▸ **Assignment**
Restate all of the records below exactly. Do not carry over any image.

▸ **Provided data**
---*---
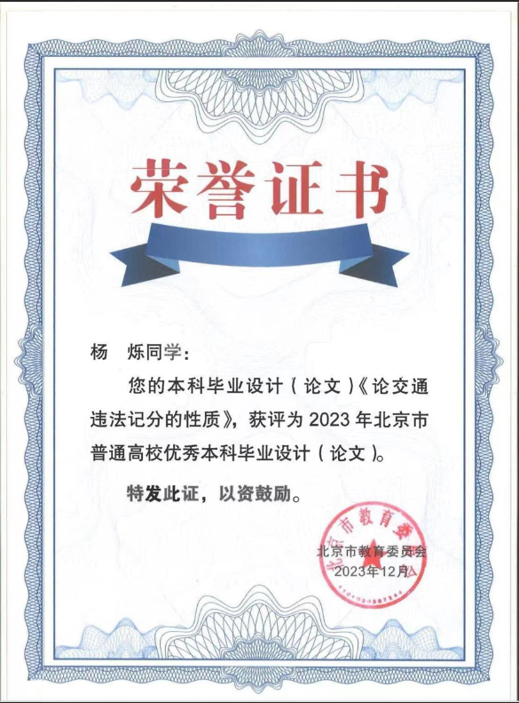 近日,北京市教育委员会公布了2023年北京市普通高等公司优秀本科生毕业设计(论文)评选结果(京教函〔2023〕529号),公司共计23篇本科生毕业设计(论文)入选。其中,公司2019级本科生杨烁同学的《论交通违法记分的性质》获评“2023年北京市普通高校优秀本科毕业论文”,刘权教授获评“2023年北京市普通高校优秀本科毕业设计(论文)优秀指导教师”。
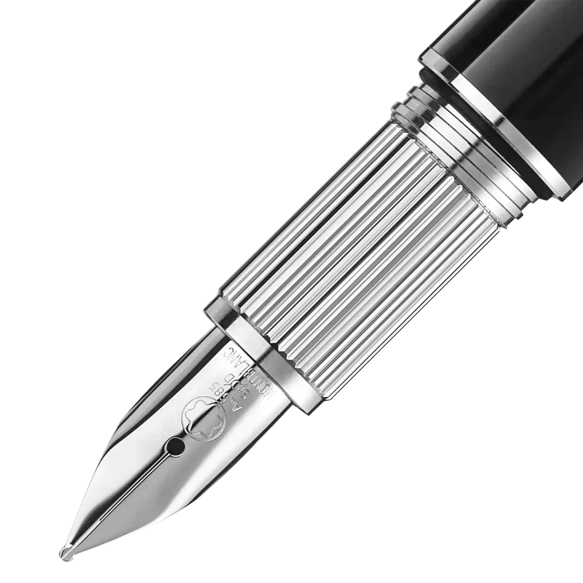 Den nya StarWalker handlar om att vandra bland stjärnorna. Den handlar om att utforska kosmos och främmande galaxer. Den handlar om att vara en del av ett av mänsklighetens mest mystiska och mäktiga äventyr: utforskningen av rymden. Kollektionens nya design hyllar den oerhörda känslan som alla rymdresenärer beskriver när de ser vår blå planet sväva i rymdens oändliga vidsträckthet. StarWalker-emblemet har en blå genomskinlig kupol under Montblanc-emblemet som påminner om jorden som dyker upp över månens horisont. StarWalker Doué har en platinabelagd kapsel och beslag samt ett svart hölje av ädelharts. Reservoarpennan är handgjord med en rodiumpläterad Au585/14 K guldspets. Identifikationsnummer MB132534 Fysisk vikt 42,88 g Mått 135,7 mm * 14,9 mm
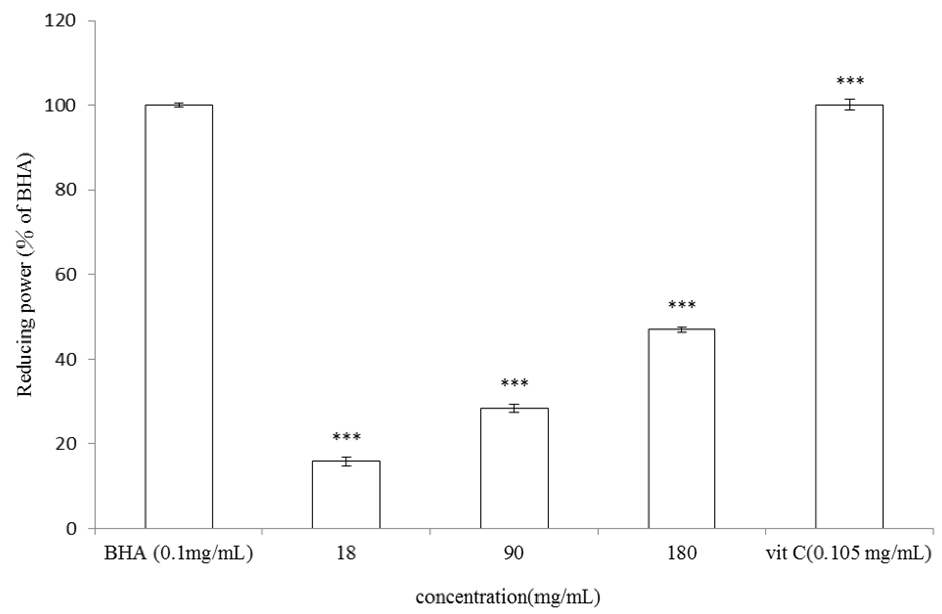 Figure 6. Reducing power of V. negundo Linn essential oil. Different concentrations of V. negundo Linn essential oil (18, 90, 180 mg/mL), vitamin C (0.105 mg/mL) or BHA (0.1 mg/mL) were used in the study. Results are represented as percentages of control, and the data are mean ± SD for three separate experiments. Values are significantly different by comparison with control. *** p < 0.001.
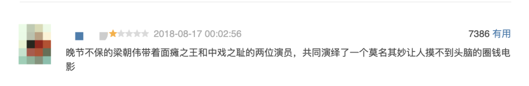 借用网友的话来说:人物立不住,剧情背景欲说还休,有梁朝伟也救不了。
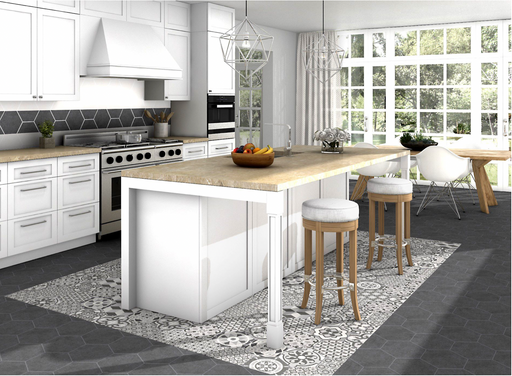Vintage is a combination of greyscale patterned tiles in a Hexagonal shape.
---*---
▸ **Reply to the task**
 近日,北京市教育委员会公布了2023年北京市普通高等公司优秀本科生毕业设计(论文)评选结果(京教函〔2023〕529号),公司共计23篇本科生毕业设计(论文)入选。其中,公司2019级本科生杨烁同学的《论交通违法记分的性质》获评“2023年北京市普通高校优秀本科毕业论文”,刘权教授获评“2023年北京市普通高校优秀本科毕业设计(论文)优秀指导教师”。
 Den nya StarWalker handlar om att vandra bland stjärnorna. Den handlar om att utforska kosmos och främmande galaxer. Den handlar om att vara en del av ett av mänsklighetens mest mystiska och mäktiga äventyr: utforskningen av rymden. Kollektionens nya design hyllar den oerhörda känslan som alla rymdresenärer beskriver när de ser vår blå planet sväva i rymdens oändliga vidsträckthet. StarWalker-emblemet har en blå genomskinlig kupol under Montblanc-emblemet som påminner om jorden som dyker upp över månens horisont. StarWalker Doué har en platinabelagd kapsel och beslag samt ett svart hölje av ädelharts. Reservoarpennan är handgjord med en rodiumpläterad Au585/14 K guldspets. Identifikationsnummer MB132534 Fysisk vikt 42,88 g Mått 135,7 mm * 14,9 mm
 Figure 6. Reducing power of V. negundo Linn essential oil. Different concentrations of V. negundo Linn essential oil (18, 90, 180 mg/mL), vitamin C (0.105 mg/mL) or BHA (0.1 mg/mL) were used in the study. Results are represented as percentages of control, and the data are mean ± SD for three separate experiments. Values are significantly different by comparison with control. *** p < 0.001.
 借用网友的话来说:人物立不住,剧情背景欲说还休,有梁朝伟也救不了。
Vintage is a combination of greyscale patterned tiles in a Hexagonal shape.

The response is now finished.